_Assignment_. Of all the lines below, output only those starting at the one with "Циферблат с цветочным" and ending at the one with "月火水木金土※ご都合にあわせ", both ends included, exactly as written.

_Task input_.
· · · · ·
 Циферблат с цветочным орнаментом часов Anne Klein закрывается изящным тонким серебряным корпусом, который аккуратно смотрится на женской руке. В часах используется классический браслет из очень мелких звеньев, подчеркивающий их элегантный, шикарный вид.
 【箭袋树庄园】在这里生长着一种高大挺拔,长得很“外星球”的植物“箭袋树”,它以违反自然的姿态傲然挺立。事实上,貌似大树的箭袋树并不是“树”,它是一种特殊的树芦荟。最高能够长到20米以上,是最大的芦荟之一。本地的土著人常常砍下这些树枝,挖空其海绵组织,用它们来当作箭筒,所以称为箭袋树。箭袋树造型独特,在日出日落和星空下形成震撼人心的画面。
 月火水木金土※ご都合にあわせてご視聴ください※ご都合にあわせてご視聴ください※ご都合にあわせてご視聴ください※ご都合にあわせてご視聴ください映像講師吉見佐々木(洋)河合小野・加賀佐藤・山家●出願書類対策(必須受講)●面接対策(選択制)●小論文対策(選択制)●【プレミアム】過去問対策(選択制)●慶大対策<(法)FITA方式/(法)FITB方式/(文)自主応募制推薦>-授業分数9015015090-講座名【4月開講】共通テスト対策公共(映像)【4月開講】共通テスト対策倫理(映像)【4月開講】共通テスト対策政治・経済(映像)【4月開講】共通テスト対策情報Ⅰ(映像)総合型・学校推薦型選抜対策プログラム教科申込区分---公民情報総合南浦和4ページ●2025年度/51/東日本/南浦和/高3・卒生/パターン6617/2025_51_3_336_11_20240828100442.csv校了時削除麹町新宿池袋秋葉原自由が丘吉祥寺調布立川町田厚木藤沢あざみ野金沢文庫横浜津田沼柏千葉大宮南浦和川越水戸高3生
· · · · ·
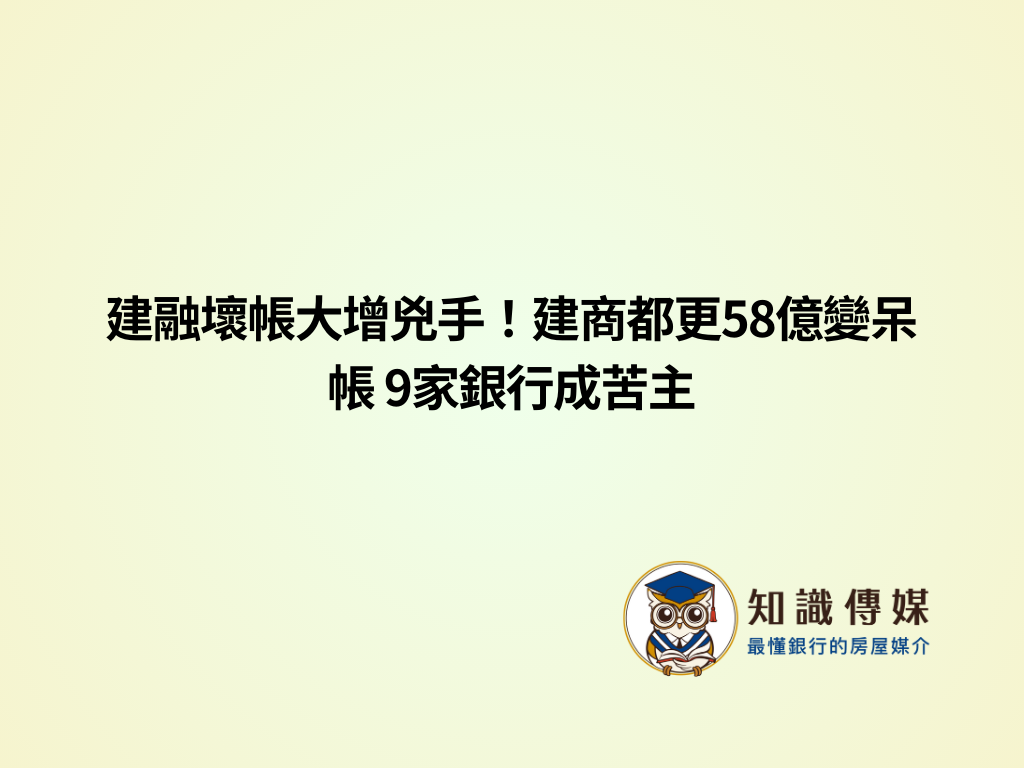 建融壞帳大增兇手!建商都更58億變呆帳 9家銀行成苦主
· · · · ·
_Written response_.
 Циферблат с цветочным орнаментом часов Anne Klein закрывается изящным тонким серебряным корпусом, который аккуратно смотрится на женской руке. В часах используется классический браслет из очень мелких звеньев, подчеркивающий их элегантный, шикарный вид.
 【箭袋树庄园】在这里生长着一种高大挺拔,长得很“外星球”的植物“箭袋树”,它以违反自然的姿态傲然挺立。事实上,貌似大树的箭袋树并不是“树”,它是一种特殊的树芦荟。最高能够长到20米以上,是最大的芦荟之一。本地的土著人常常砍下这些树枝,挖空其海绵组织,用它们来当作箭筒,所以称为箭袋树。箭袋树造型独特,在日出日落和星空下形成震撼人心的画面。
 月火水木金土※ご都合にあわせてご視聴ください※ご都合にあわせてご視聴ください※ご都合にあわせてご視聴ください※ご都合にあわせてご視聴ください映像講師吉見佐々木(洋)河合小野・加賀佐藤・山家●出願書類対策(必須受講)●面接対策(選択制)●小論文対策(選択制)●【プレミアム】過去問対策(選択制)●慶大対策<(法)FITA方式/(法)FITB方式/(文)自主応募制推薦>-授業分数9015015090-講座名【4月開講】共通テスト対策公共(映像)【4月開講】共通テスト対策倫理(映像)【4月開講】共通テスト対策政治・経済(映像)【4月開講】共通テスト対策情報Ⅰ(映像)総合型・学校推薦型選抜対策プログラム教科申込区分---公民情報総合南浦和4ページ●2025年度/51/東日本/南浦和/高3・卒生/パターン6617/2025_51_3_336_11_20240828100442.csv校了時削除麹町新宿池袋秋葉原自由が丘吉祥寺調布立川町田厚木藤沢あざみ野金沢文庫横浜津田沼柏千葉大宮南浦和川越水戸高3生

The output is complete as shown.